Escobar-Hoyos explained that she will evaluate how mutations in transcriptional regulators and mRNA splicing factors influence gene expression and alternative splicing of mRNAs to promote the disease and aggression of the most common form of pancreatic cancer. Later, she will evaluate how splicing regulators and alternatively spliced genes enriched in pancreatic ductal adenocarcinoma contribute to tumor maintenance and resistance to therapy.

Escobar-Hoyos will receive $75,000 in each of the first two years of the award to pay for a salary or a technician, during a mentored phase of the award. After those two years, she will receive $150,000 for three years, when PanCan expects her to be in an independent research position.

Escobar-Hoyos said her graduate research at Stony Brook focused on ways to understand the biological differences between patients diagnosed with the same cancer type. She helped discover the way a keratin protein called K17 entered the nucleus and brought another protein into the cytoplasm, making one type of tumor more aggressive.

While Escobar-Hoyos works full time at Memorial Sloan Kettering, she continues to play an active role in Kenneth Shroyer’s lab, where she conducted experiments for her doctorate. She is the co-director of the Pathology Translational Research Laboratory, leading studies that are focused on pancreatic cancer biomarkers.
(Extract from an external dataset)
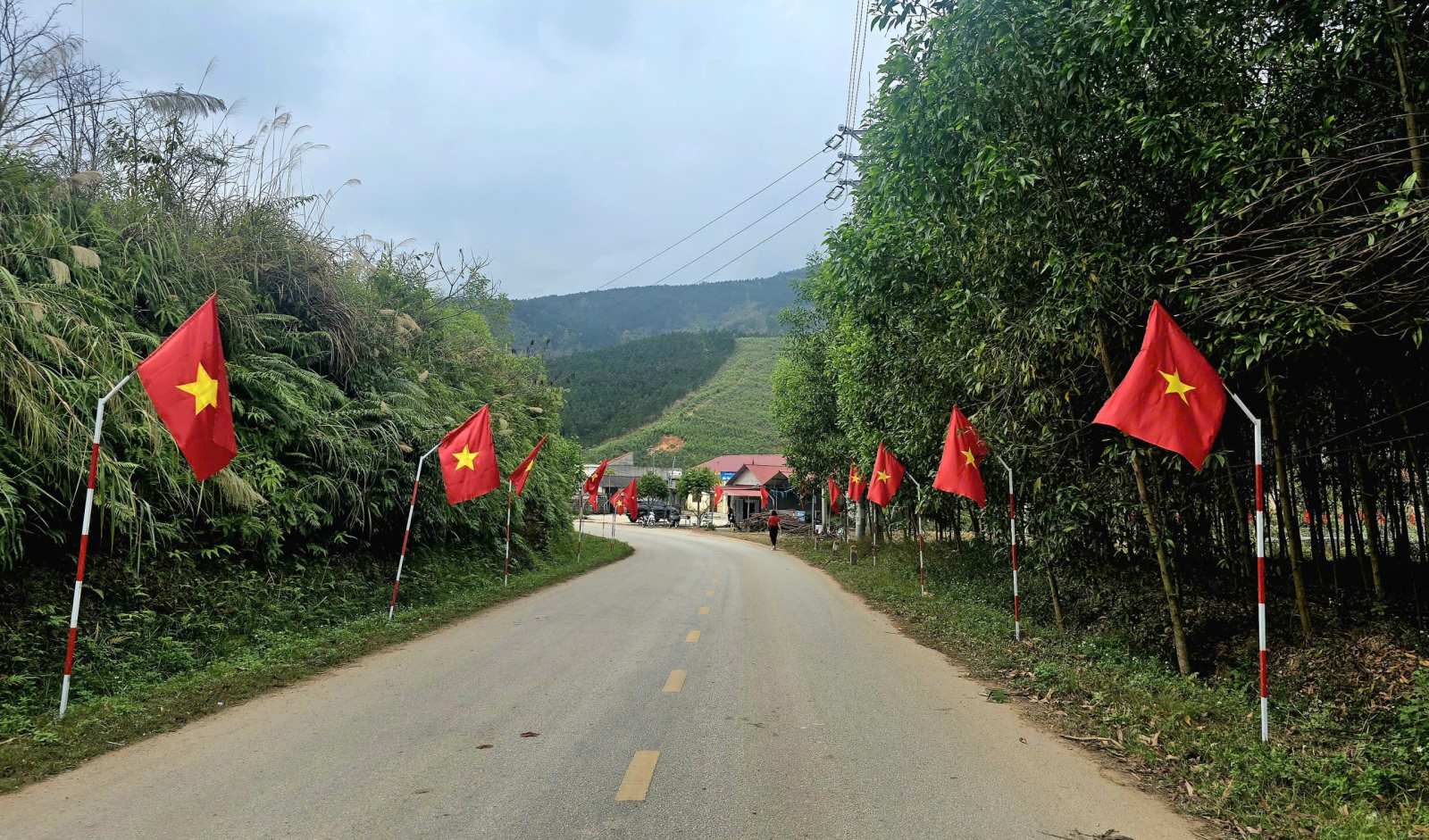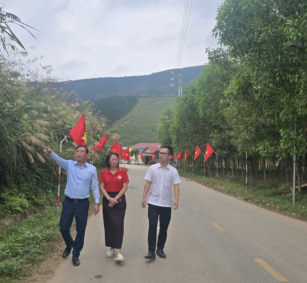 Đồng chí Phạm Văn Hoài thực hiện kiểm tra ác hoạt động trang trí, tuyên truyền tại thôn Pò Đồn

The chair in the Department of Pathology, Shroyer extended an offer for her to continue to address the research questions her work addressed after she started her postdoctoral fellowship.

“When you do research projects and you develop them from the beginning, they are like babies and you really want to see how they evolve,” Escobar-Hoyos said. Numerous projects are devoted to different aspects of K17, she said.
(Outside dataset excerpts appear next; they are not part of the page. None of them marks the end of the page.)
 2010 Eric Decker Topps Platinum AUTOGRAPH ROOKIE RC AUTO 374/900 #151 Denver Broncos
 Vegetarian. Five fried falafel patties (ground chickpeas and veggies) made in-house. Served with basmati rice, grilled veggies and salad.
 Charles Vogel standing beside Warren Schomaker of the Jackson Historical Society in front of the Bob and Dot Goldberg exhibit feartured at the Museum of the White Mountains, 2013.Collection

Shroyer said Escobar-Hoyos had already been the first author on two landmark studies related to the discovery and validation of K17 even before her work with pancreatic cancer. “She has also conducted highly significant new research” that she is currently developing “that I believe will transform the field of pancreatic cancer research,” Shroyer wrote in an email.
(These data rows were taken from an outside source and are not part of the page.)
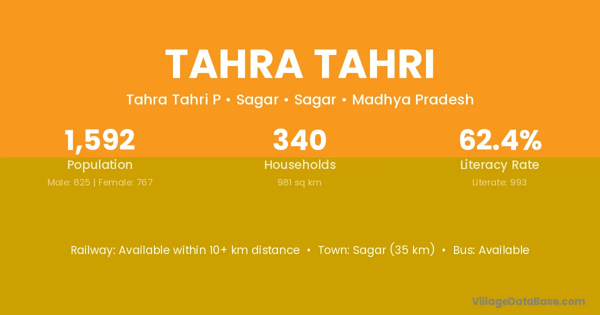Sagar (35 km) is the nearest town to Tahra Tahri village for major economic activities and is located approximately 35 km away.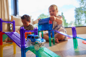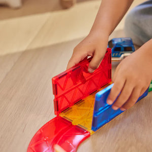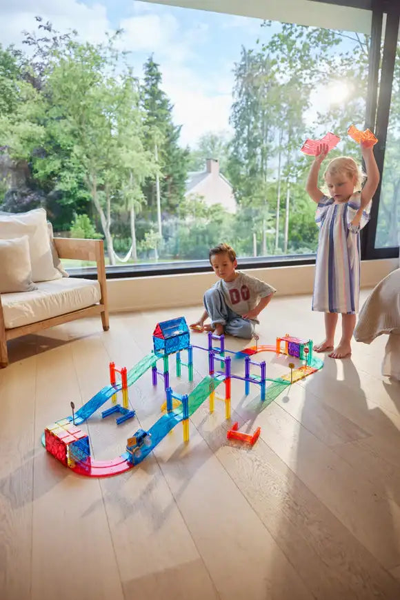 Descubre el Race Track de Cleverclixx con 65 piezas magnéticas diseñadas para crear emocionantes circuitos de carreras. Construye pistas con curvas, rectas y elevaciones para hacer rodar coches y bolas, combinando construcción magnética con la emoción de las carreras.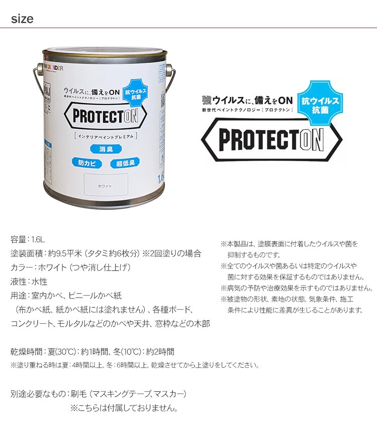 室内用 水性塗料 PROTECTON インテリアペイントプレミアム 1.6L

Shroyer hopes to recruit Escobar-Hoyos to return to Stony Brook when she completes her fellowship to a full-time position as a tenure track assistant professor. “Based on her achievements in basic research and her passion to translate her findings to improve the care of patients with pancreatic cancer, I have no doubt she is one of the most promising young pancreatic cancer research scientists of her generation,” he continued.

Yusuf Hannun, the director of the Stony Brook Cancer Center, said Escobar-Hoyos’s work provided a new and important angle with considerable promise in understanding pancreatic cancer. “She is a tremendous example of success for junior investigators,” Hannun wrote in an email.

Escobar-Hoyos said she is hoping, a year or two from now, to transition to becoming an independent scientist and principal investigator, ideally at an academic institution. “Because of my strong ties with Stony Brook and all the effort the institution is investing in pancreatic research” SBU is currently her first choice.

Escobar-Hoyos is pleased that she was able to give back to the Pancreatic Cancer Action Network when she and a team of other friends and family helped raise about $4,000 as a part of a PurpleStride 5K walk in Prospect Park earlier this month.“I was paying forward what this foundation has done for me in my career,” she said.

Matrisian said dedicated scientists offer hope to patients and their families. “Researchers like Escobar-Hoyos spark scientific breakthroughs that may create treatments and ultimately, improve the lives of patients,” she suggested.